During our time in Hong Kong, we had the  misfortune of experiencing what they call “black rain,” marking the city's heaviest rainfall in 140 years. Our plans to dive unidentified sunken ships and explore remote islands in search of pirate treasure were halted.

One harsh reality of our long-term quest to explore consciously is accepting the unpredictable weather, as not every day on expedition is going to be a perfect one. In Hong Kong, we were unequivocally at nature’s mercy. Despite this, The Nature Conservancy’s (TNC) oyster survey proceeded—alongside The Explorers Club Hong Kong Chapter and the Swire Institute of Marine Science of the University of Hong Kong—as the work to prove oyster’s ecological importance had never been more critical.  

So, rain or shine, we were going diving for oysters. 

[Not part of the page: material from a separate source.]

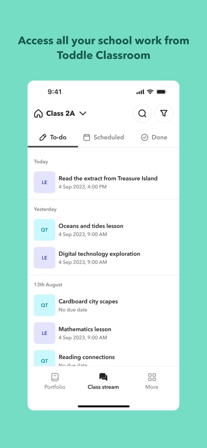 Through the Toddle Student App, you can: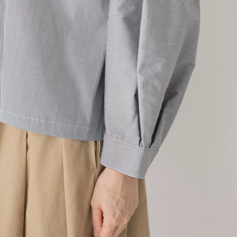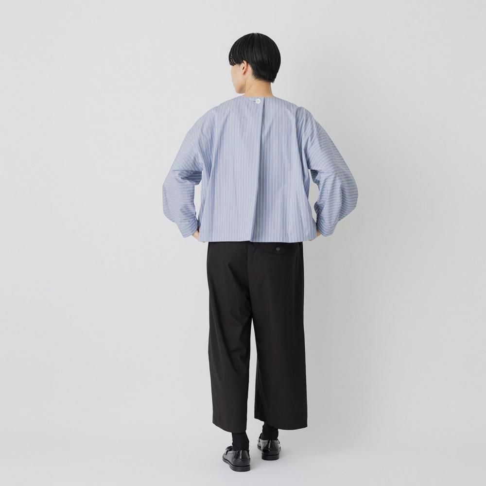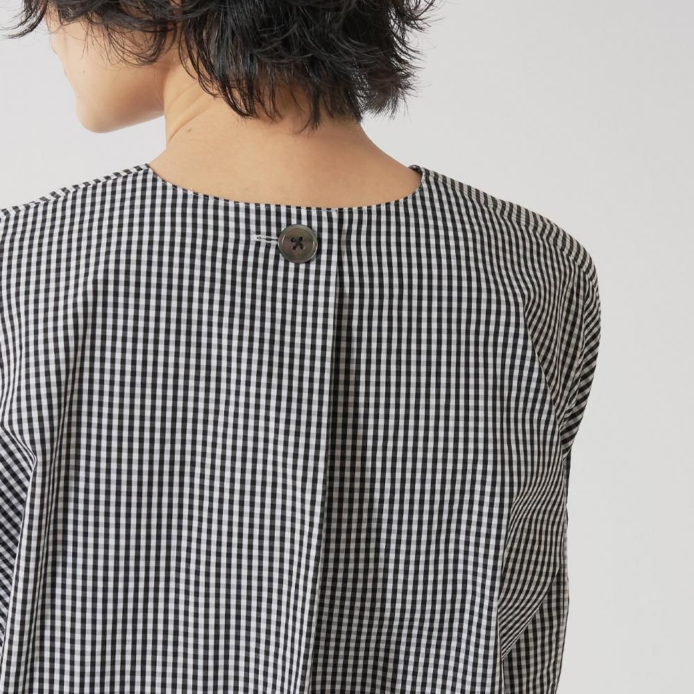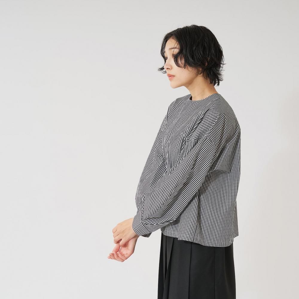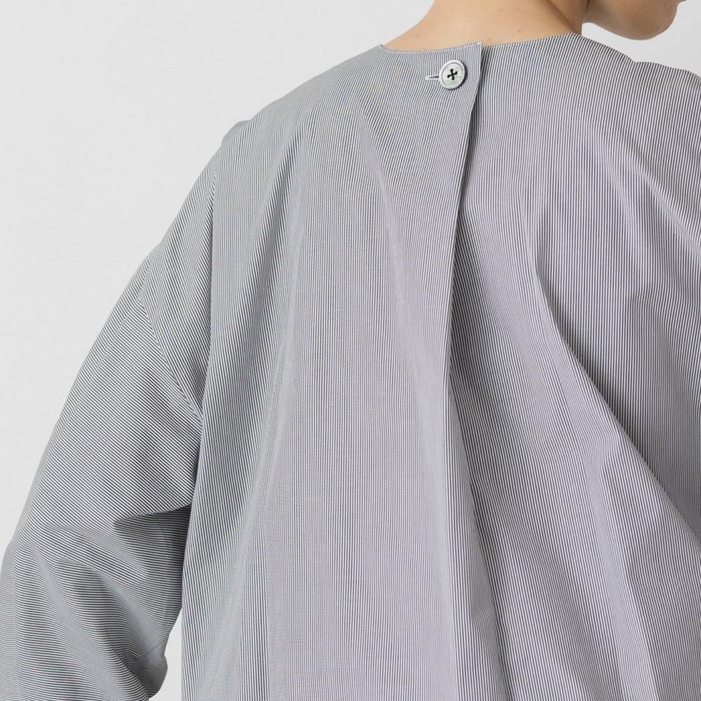 衿元は首に沿うコンパクトなネックライン。 やや肩が落ちるカッティング、カフスにタックを寄せてふくらんだ袖、背中側にはタックとボタンをあしらいミニマルながら印象的な1着に仕上げました。

The Pearl River Delta, a region once characterized by its thriving populations of reef-building bivalves like oysters and mussels, has been significantly depleted. This is a major issue given the pivotal role they play by acting as natural water filters, improving water quality by removing pollutants and excess nutrients. Additionally, they provide essential habitat for a variety of marine life, support biodiversity, and help stabilize shorelines against erosion, making them vital for the ecological health and resilience of urban coastal ecosystems.

A gap analysis conducted by TNC revealed a concerning disparity. While terrestrial conservation efforts have resulted in 40% of Hong Kong’s land receiving designation as protected green spaces, its marine environments, particularly estuaries and shellfish reefs, are underserved—despite including some of the most endangered habitats on earth. 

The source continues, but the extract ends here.